> Imagine the EU made a law requiring every country in the world follow their building codes whenever an EU citizen enters one of their buildings
You are reaching. I give you a better example: it does not matter where a building part is being produced, if it ends up in a building in Europe it needs to be up to the local building codes and to the regulations of the single market.
You think I am reaching, but the GDPR does act this way.
Lets say your visiting the USA as an EU citizen and you get a pizza delivery from a local small pizza shop. They put your name and delivery address in their computer in an MS Access database that makes stickers, emails the delivery guy's gmail account and a person delivers a pizza to you.
They have no idea your an EU citizen and they just put enough information into their computer that would violate the GDPR. They have no real way to comply unless they retrofit their computer system to some vendor that is GDPR compliant, if it even exists. Just deleting your info from the msaccess db and asking the delivery guy to delete their emails isn't enough for the GDPR. And a computer system retrofit for most business might as well be like asking them to retrofit their building as far as costs go.

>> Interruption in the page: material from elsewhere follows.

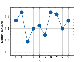 >>> # Example plotting multiple values >>> import torch >>> from torchmetrics.clustering import MutualInfoScore >>> metric = MutualInfoScore() >>> values = [ ] >>> for _ in range(10): ... values.append(metric(torch.randint(0, 4, (10,)), torch.randint(0, 4, (10,)))) >>> fig_, ax_ = metric.plot(values)
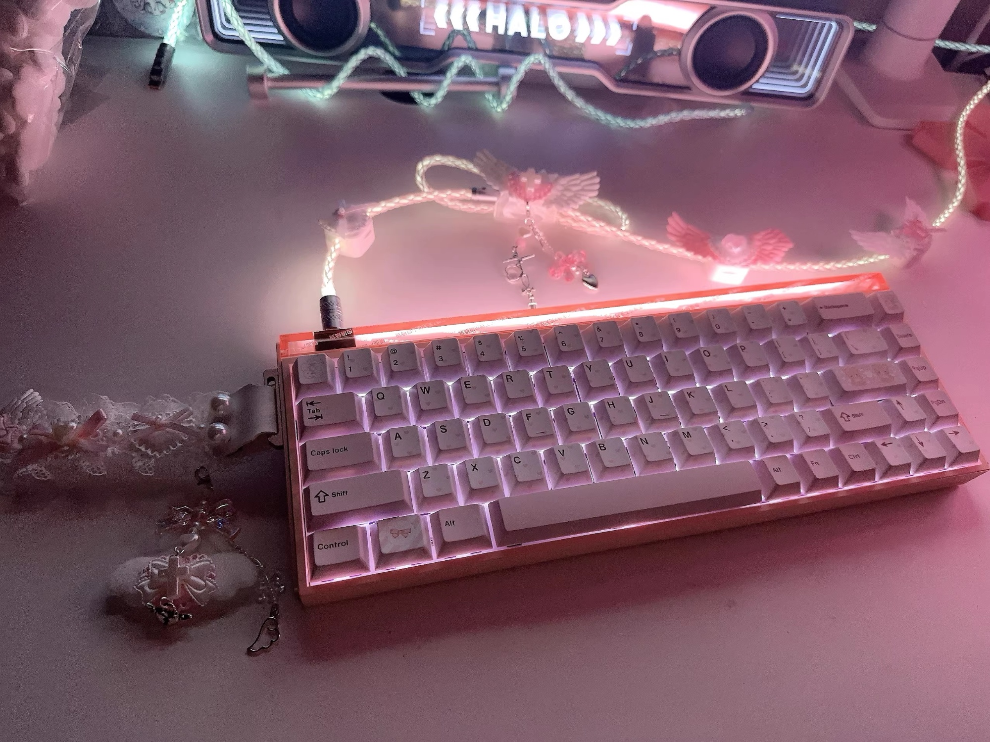 0 Review for Lace Black And Pink Keyboard Ribbon Charm

The end effect might be just outright banning all EU citizens from doing business with various places, because it's just not worth the hassle.
'Sorry you cant stay at our hotel, we are not GDPR compliant'
'Sorry we won't deliver to you, we are not GDPR compliant'
'Sorry you can't enroll in our classes, we are not GDPR compliant'
'Sorry we won't treat you at this hospital, we are not GDPR compliant'
'Sorry you can't get a bank account with us, we are not GDPR compliant' (Like a lot of EU banks with US citizens with FATCA)
You clearly don't know what you are talking about.
Article 3 clearly states that it applies to
> the offering of goods or services, irrespective of whether a payment of the data subject is required, to such data subjects in the Union; or
> the monitoring of their behaviour as far as their behaviour takes place within the Union.
It does not apply EU citizens while traveling outside of the EU. It applies when you are monitoring or offering goods or services to someone in the EU.
> Lets say your visiting the USA as an EU citizen and you get a pizza delivery from a local small pizza shop
If that pizza store has no relation to the EU then there is no legal ground by which the GDPR could become relevant. There is no treaty which would establish some sory of leverage here.
//EDIT: which btw is unlike FATCA for which there actually are bilateral agreements.
You don't need a treaty to enforce the law, you just need a pizza shop owner who likes to vacation in europe sometimes. You carry out the default judgement if they ever arrive in the EU. The GDPR explicitly has a very global scope because it is targeting companies in and out of the EU.
I wouldn't really have much of a problem with the GDPR if it had some small business and non-eu business exceptions. It doesn't and regulators saying 'trust us we wont prosecute the easy to prosecute!' makes most businesses uneasy.
It doesn't and regulators saying 'trust us we wont prosecute the easy to prosecute!' makes most businesses uneasy.
Indeed.
Let's not forget that the EU and national governments have form when it comes to this sort of thing. The new EU VAT rules on digital sales a few years back were similarly overweight, and they really did result in a lot of microbusinesses either literally shutting down or just plain breaking the law.
A lot of slightly larger ones, my own included, went to considerable lengths to update systems to comply, but with hindsight would have simply declined custom from any (other) EU nation instead because the overheads were and continue to be excessive.
Those same rules really did also result in national tax authorities abusing their new-found powers to go after businesses in other countries within the EU, sometimes through their own incompetence rather than any legitimate grievance, resulting in some very scary threats being received by other small businesses.
It's tough to give much credit to arguments about regulators exhibiting common sense and moderation when the evidence of previous sweeping EU rule changes suggests we shouldn't count on that.
The law itself does not even put itself into scope. You either need a treaty (Article 3, paragraph 3) or the data subject or processing is in the union.
How is that different from say Dimitry Sklyarov, a Russian who broke a US law while living in Russia, who later goes to the US for a convention and gets arrested and thrown in jail?
That's how it should be. Sadly the EU is taking a very different approach of trying to set laws for the whole world based on very unclear (and definitely unprecedented) requirements. It's true that they will have no jurisdiction over the pizza guy - just until he comes to the EU or to an allied country. Another comment talks about how it's very likely that GDPR will be a requirement of trade deals.
Even then not. The territorial scope in Article 3 of the GDPR is not that far reaching. It applies to processors with establishment in the EU, non union data processors who perform a service to data subjects in the union or the case of the pizza guy:
> 3. This Regulation applies to the processing of personal data by a controller not established in the Union, but in a place where Member State law applies by virtue of public international law.
So unless there is a treaty that puts GDPR into scope, the pizza guy is fine.
You are reaching. I give you a better example: it does not matter where a building part is being produced, if it ends up in a building in Europe it needs to be up to the local building codes and to the regulations of the single market.